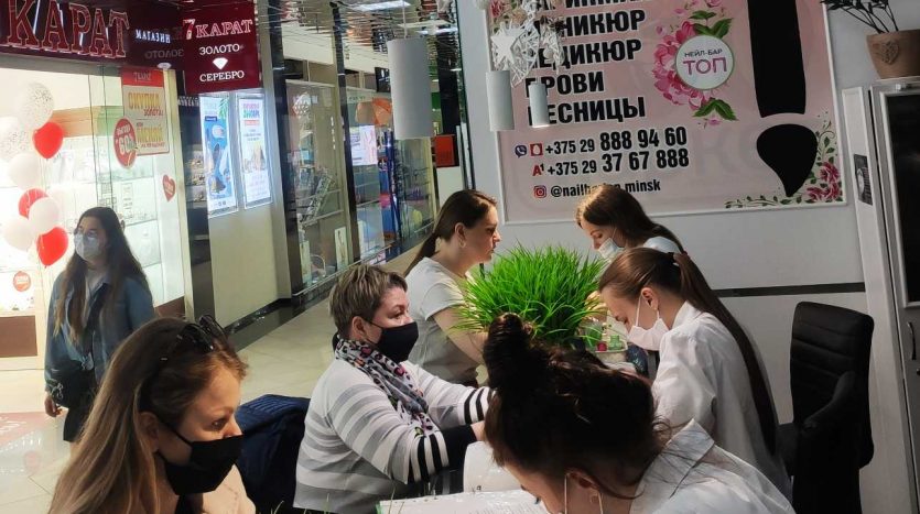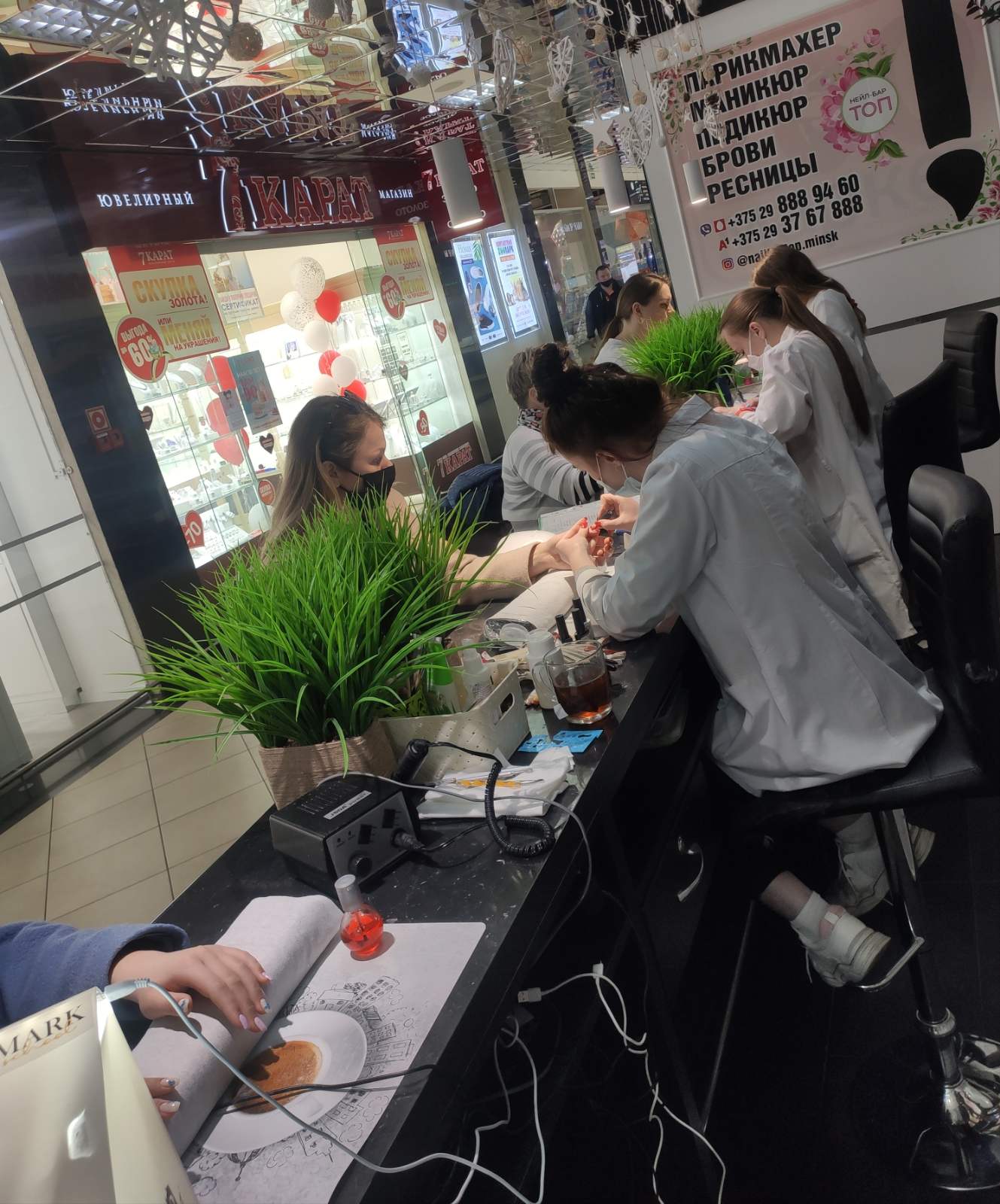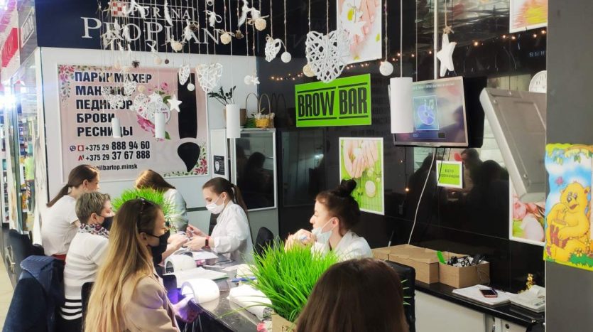 В Минске на продажу выставлен действующий нейл-бар + бров-бар + педикюрный кабинет, расположенный в торговом центре на 1 этаже (центральная галерея).
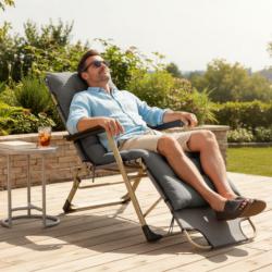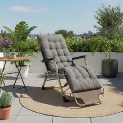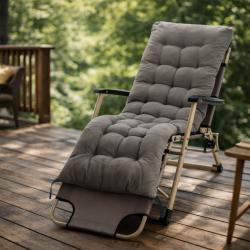 Технически характеристики на Сгъваем шезлонг с голяма възглавница - стилен, практичен и удобен Техническите параметри отговарят на нуждите на всеки, който търси качествен градински стол: Цвят: сив Размери: 178 x 60 x 82 см Рамка: 20 x 40 x 0.9 мм и 19 x 0.8 мм стомана Плат: 600D x 300D Oxford с включена възглавница Тегло: 5.5 кг Подходящ за: градина, балкон, тераса, вътрешен двор
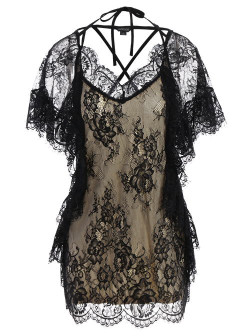 Insrs - Flounced See-Through Lace Dress
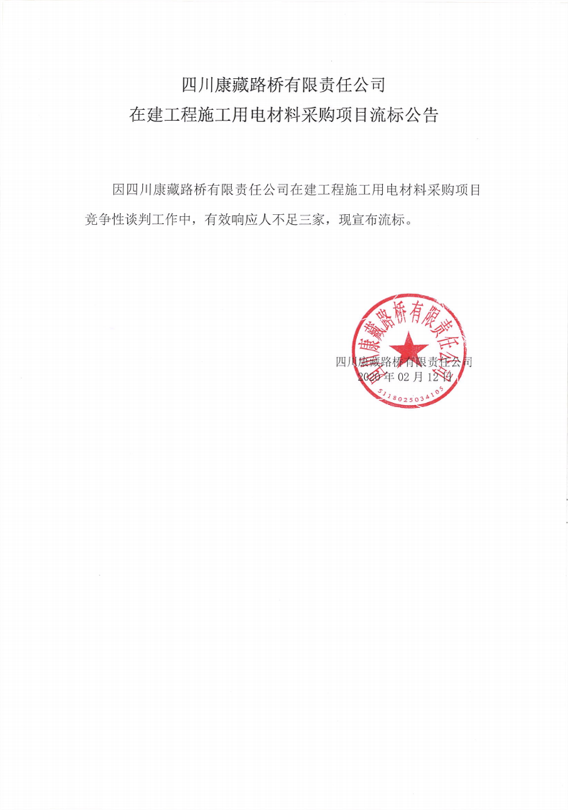 四川康藏路橋有限責(zé)任公司在建工程施工用電材料采購項(xiàng)目流標(biāo)公告
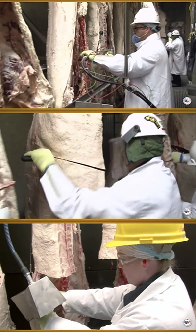刚开始, USDA 还是通过培训专业的评级人员通过肉眼来主观辨别脂肪均匀程度,如今已经改使用红外扫描仪了。一头牛被屠宰以后,先去除头部,然后被倒挂在生产线上,此时会有三名 USDA 评级人员推着扫描仪前来,第一个人负责找到 肉眼牛排 的准确部位,然后用一把电锯在牛身上划开一个切痕;第二个人紧随其后,用一把大刀对准切痕一刀切开;最后一个人则负责用仪器进行扫描评级。

***

### ASSIGNED TASK
The required output is the line containing "Insrs - Flounced See-Through Lace Dress" plus every line after it to the end of the data, copied exactly and with no pictures.

### ANSWER TO THIS TASK
 Insrs - Flounced See-Through Lace Dress
 四川康藏路橋有限責(zé)任公司在建工程施工用電材料采購項(xiàng)目流標(biāo)公告
刚开始, USDA 还是通过培训专业的评级人员通过肉眼来主观辨别脂肪均匀程度,如今已经改使用红外扫描仪了。一头牛被屠宰以后,先去除头部,然后被倒挂在生产线上,此时会有三名 USDA 评级人员推着扫描仪前来,第一个人负责找到 肉眼牛排 的准确部位,然后用一把电锯在牛身上划开一个切痕;第二个人紧随其后,用一把大刀对准切痕一刀切开;最后一个人则负责用仪器进行扫描评级。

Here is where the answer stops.